La composante aérienne a malheureusement été omise lors de la conception de la force conjointe. Les experts s'attachent à combler cette lacune. Nous avions appris que l'état-major de l'armée de l'air français initie un projet de partenariat militaire opérationnel (PMO) air. Au niveau du G5 Sahel, lors du comité défense et sécurité du 15 octobre dernier, présidé par l'état-major mauritanien, son chef d'état-major de l'armée de l'air s'est engagé, au nom de ses pairs, à relancer le processus de mutualisation des vecteurs aériens – la première réunion des chefs d'état-major de l'armée de l'air avait eu lieu en février 2018.
Quant aux tirs de Mirage, je peux vous assurer que toutes nos emprises disposent de personnels formés au guidage aérien tactique avancé (GATA) ; leur formation est assurée exclusivement par Barkhane par souci d'uniformité et pour nous prémunir d'erreurs de communication.
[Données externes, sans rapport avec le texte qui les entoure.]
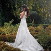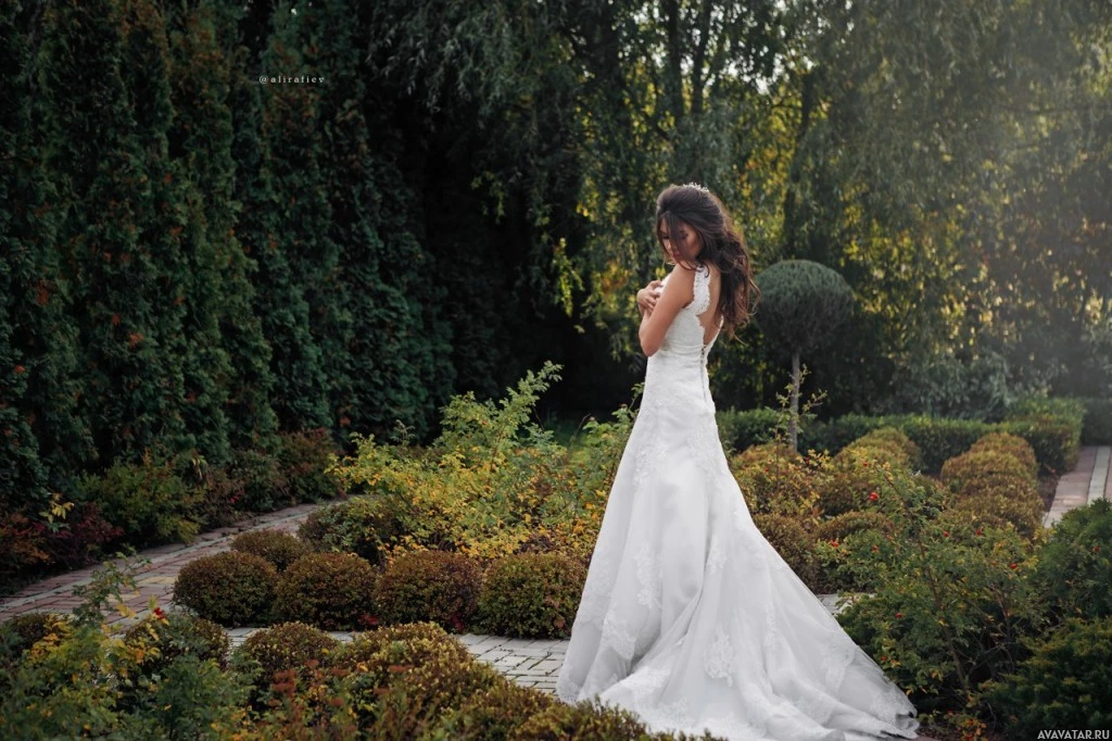 brown hair and is turned slightly to the side, looking over her shoulder towards something or someone not in frame. Behind her, there are neatly trimmed bushes and shrubs that suggest a well-maintained

Il est difficile en l'état de parler d'uniformisation ou de standardisation du matériel car, je le répète, le concept d'emploi varie selon les armées. Le soutien dont dispose la force conjointe dans le domaine des capacités critiques provient de l'Union européenne. Il s'agit de quarante-six véhicules blindés de type Bastion, soit six à sept au maximum par bataillon, dont seulement quatre pour le transport de troupes, ce qui donne techniquement une capacité de transport d'un peloton par bataillon. C'est important mais cela doit être complété pour atteindre le niveau de l'unité élémentaire de combat.
L'avantage lié aux affrontements entre groupes armés terroristes n'est que de circonstance. Au gré des actions ponctuelles, nous apprenons que tantôt c'est l'État islamique dans le grand Sahara (EIGS) qui a pris le dessus, tantôt le Rassemblement pour la victoire de l'islam et des musulmans (RVIM). Les deux groupes armés n'obéissent pas à la même philosophie ; il est normal que, lorsqu'ils se rencontrent sur le terrain, le plus fort cherche à chasser l'autre, ce qui provoque ces combats meurtriers.
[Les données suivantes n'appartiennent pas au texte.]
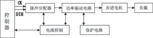 目前,对步进电机的控制主要有由分散器件组成的环形脉冲分配器、软件环形脉冲分配器、专用集成芯片环形脉冲分配器等。本设计选用第三种方案,用PMM8713三相或四相步进电机的脉冲分配器、SI-7300A两相或四相功率驱动器,组成四相步进电机功率驱动电路,以提高集成度和可靠性,步进电机控制框图见图1。

Les renseignements obtenus au niveau international font effectivement état de mouvements de mercenaires syriens ou turcs en direction de la Libye. Celle-ci constituant un déversoir, il est possible qu'ils poursuivent leur migration. Pour le moment, dans notre zone de responsabilité, nous n'avons pas constaté de présence étrangère. Il est possible que des mouvements de ce genre se soient produits, mais ils n'ont pas encore atteint notre zone d'opération.